▸ Task statement
What you return should match the data word for word, minus the images.
── Dataset content
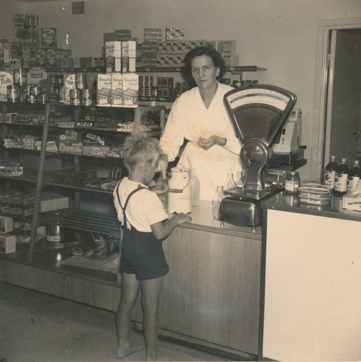 Interiör från Konsumbutiken på Fatabursvägen, (butik nummer 11), 1955.
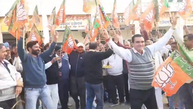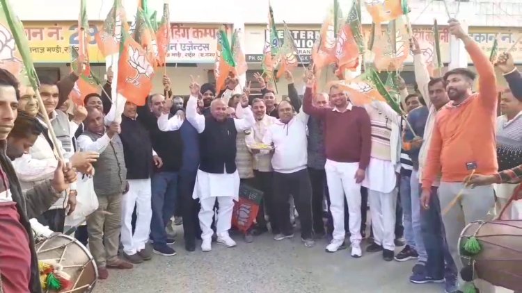रादौर || तीन राज्यों में मिली प्रचंड जीत के बाद भाजपा कार्यकर्ताओं में ख़ुशी का माहौल है। इसी के तहत रविवार को पार्टी कार्यकर्ताओं ने रादौर में भाजपा ओबीसी मोर्चा के प्रदेशाध्यक्ष व पूर्व मंत्री कर्णदेव कांबोज के नेतृत्व में अनाज मंडी में ढोल की थाप पर थिरकते हुए जीत का जश्र मनाया। इस दौरान लड्डू बांटकर कार्यकर्ताओं ने एक दूसरे का मुंह मीठा करवाया और चुनावों में जीत की बधाई दी। मौके पर पूर्व मंत्री ने आप पार्टी पर भी निशाना साधा।
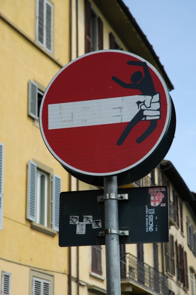Throughout the streets of Firenze, if you take a second to pay attention, you will notice these simple traffic signs with clever subversions all across the city. These belong to the artist Clet Abraham. My Italian tutor Gianluca was the one that first introduced me to his work, and I have been a fan ever since. Clet’s work is a modern disruption in a city of order and renaissance, and goes to show that even within serious architecture, there is room for humor.
────
▸ Written answer
 Interiör från Konsumbutiken på Fatabursvägen, (butik nummer 11), 1955.
रादौर || तीन राज्यों में मिली प्रचंड जीत के बाद भाजपा कार्यकर्ताओं में ख़ुशी का माहौल है। इसी के तहत रविवार को पार्टी कार्यकर्ताओं ने रादौर में भाजपा ओबीसी मोर्चा के प्रदेशाध्यक्ष व पूर्व मंत्री कर्णदेव कांबोज के नेतृत्व में अनाज मंडी में ढोल की थाप पर थिरकते हुए जीत का जश्र मनाया। इस दौरान लड्डू बांटकर कार्यकर्ताओं ने एक दूसरे का मुंह मीठा करवाया और चुनावों में जीत की बधाई दी। मौके पर पूर्व मंत्री ने आप पार्टी पर भी निशाना साधा।
Throughout the streets of Firenze, if you take a second to pay attention, you will notice these simple traffic signs with clever subversions all across the city. These belong to the artist Clet Abraham. My Italian tutor Gianluca was the one that first introduced me to his work, and I have been a fan ever since. Clet’s work is a modern disruption in a city of order and renaissance, and goes to show that even within serious architecture, there is room for humor.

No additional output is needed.